Retype each line of the data below exactly, beginning with the first and ending with the one that contains "Світильник на сонячній". Pictures do not belong in the copy.
ENTRIES PROVIDED: Begin
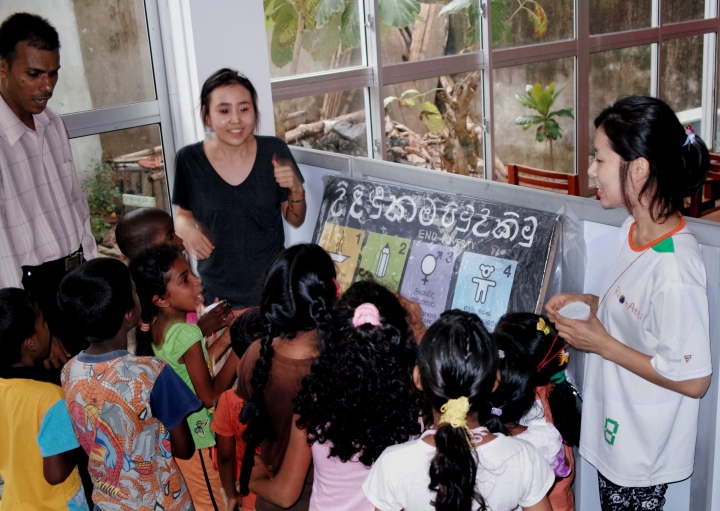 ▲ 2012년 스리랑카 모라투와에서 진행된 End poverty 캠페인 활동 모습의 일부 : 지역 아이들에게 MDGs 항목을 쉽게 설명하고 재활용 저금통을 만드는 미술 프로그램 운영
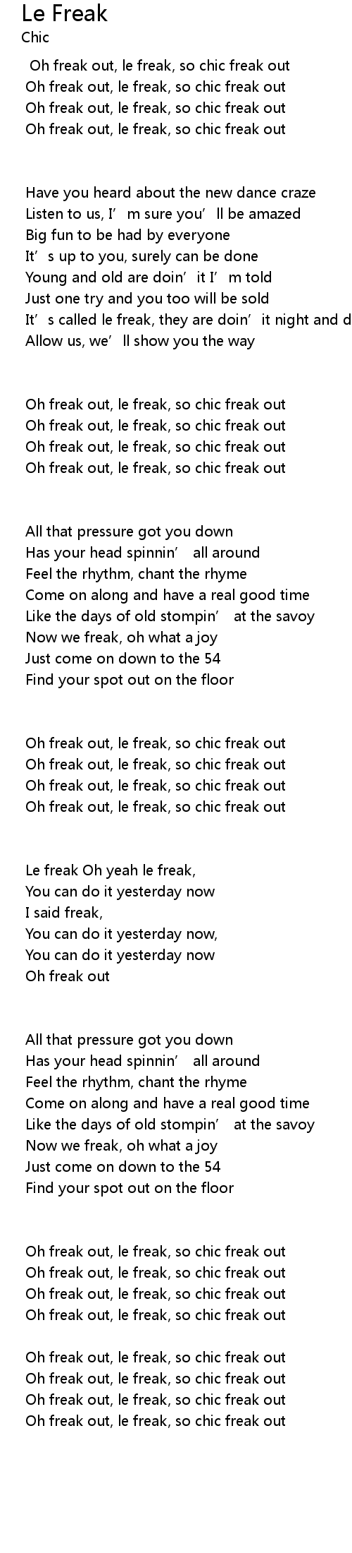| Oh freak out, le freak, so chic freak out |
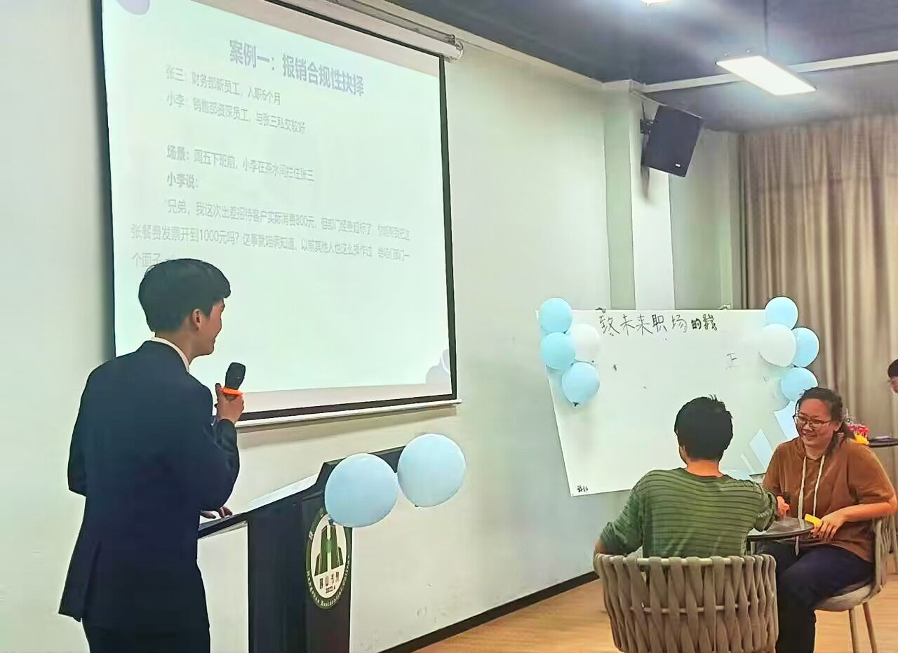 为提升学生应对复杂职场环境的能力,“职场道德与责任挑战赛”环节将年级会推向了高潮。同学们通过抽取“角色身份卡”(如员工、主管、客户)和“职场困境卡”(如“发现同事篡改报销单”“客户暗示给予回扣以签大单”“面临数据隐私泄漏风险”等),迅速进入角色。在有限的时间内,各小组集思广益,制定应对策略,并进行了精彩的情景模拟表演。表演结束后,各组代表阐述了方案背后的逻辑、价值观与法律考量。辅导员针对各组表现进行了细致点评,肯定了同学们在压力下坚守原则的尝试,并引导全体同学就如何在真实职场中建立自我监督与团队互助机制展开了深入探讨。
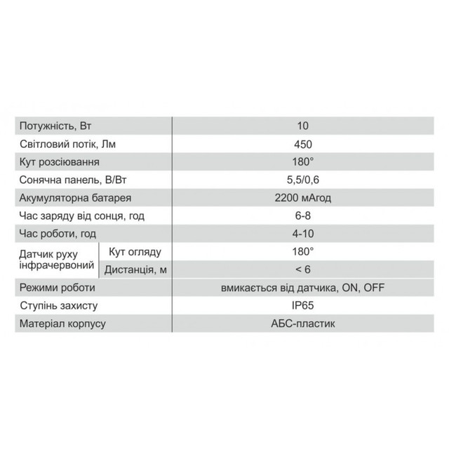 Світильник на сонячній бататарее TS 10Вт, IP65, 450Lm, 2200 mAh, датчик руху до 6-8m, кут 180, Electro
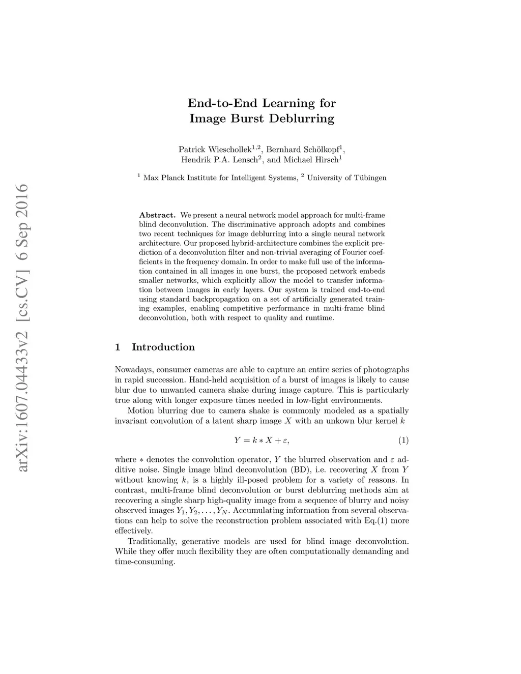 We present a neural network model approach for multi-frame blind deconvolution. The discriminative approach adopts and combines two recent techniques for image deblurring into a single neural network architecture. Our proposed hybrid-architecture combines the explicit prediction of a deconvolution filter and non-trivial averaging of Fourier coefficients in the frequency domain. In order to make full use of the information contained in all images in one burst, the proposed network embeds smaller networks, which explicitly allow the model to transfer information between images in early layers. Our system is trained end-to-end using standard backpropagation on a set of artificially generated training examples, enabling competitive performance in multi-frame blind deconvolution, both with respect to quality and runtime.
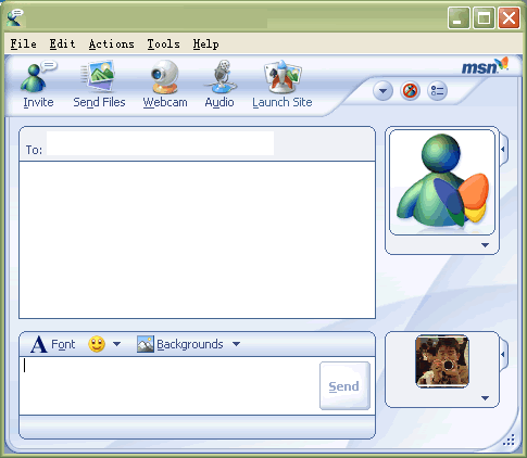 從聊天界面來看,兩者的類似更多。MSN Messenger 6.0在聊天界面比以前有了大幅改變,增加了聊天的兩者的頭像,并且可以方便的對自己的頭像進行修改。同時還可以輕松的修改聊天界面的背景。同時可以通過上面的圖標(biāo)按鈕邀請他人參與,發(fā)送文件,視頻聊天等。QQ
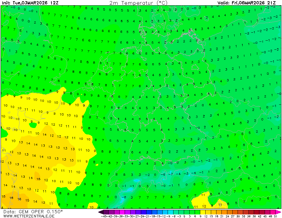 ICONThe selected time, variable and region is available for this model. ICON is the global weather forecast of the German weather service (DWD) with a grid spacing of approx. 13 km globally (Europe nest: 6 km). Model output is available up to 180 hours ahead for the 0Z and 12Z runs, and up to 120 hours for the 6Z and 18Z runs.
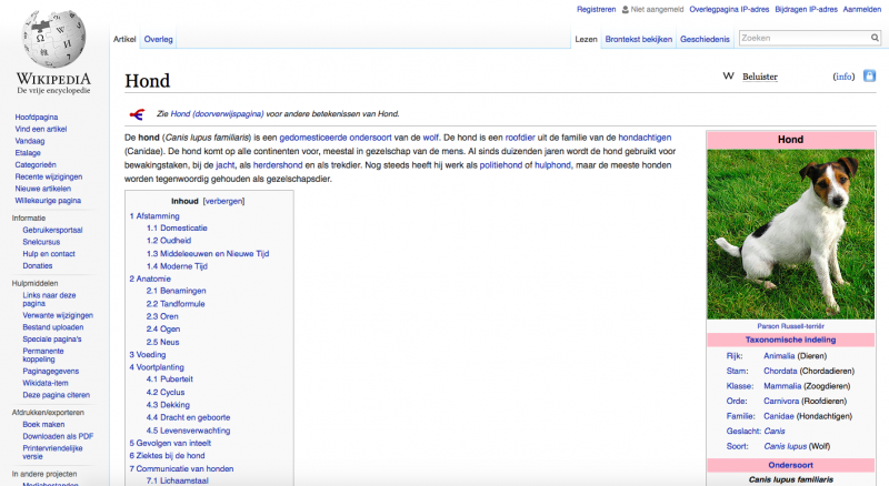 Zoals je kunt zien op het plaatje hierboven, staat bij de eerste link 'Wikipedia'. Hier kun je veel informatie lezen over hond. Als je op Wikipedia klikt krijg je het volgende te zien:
ENTRIES PROVIDED: End
REPLY TO THE TASK:
 ▲ 2012년 스리랑카 모라투와에서 진행된 End poverty 캠페인 활동 모습의 일부 : 지역 아이들에게 MDGs 항목을 쉽게 설명하고 재활용 저금통을 만드는 미술 프로그램 운영
| Oh freak out, le freak, so chic freak out |
 为提升学生应对复杂职场环境的能力,“职场道德与责任挑战赛”环节将年级会推向了高潮。同学们通过抽取“角色身份卡”(如员工、主管、客户)和“职场困境卡”(如“发现同事篡改报销单”“客户暗示给予回扣以签大单”“面临数据隐私泄漏风险”等),迅速进入角色。在有限的时间内,各小组集思广益,制定应对策略,并进行了精彩的情景模拟表演。表演结束后,各组代表阐述了方案背后的逻辑、价值观与法律考量。辅导员针对各组表现进行了细致点评,肯定了同学们在压力下坚守原则的尝试,并引导全体同学就如何在真实职场中建立自我监督与团队互助机制展开了深入探讨。
 Світильник на сонячній бататарее TS 10Вт, IP65, 450Lm, 2200 mAh, датчик руху до 6-8m, кут 180, Electro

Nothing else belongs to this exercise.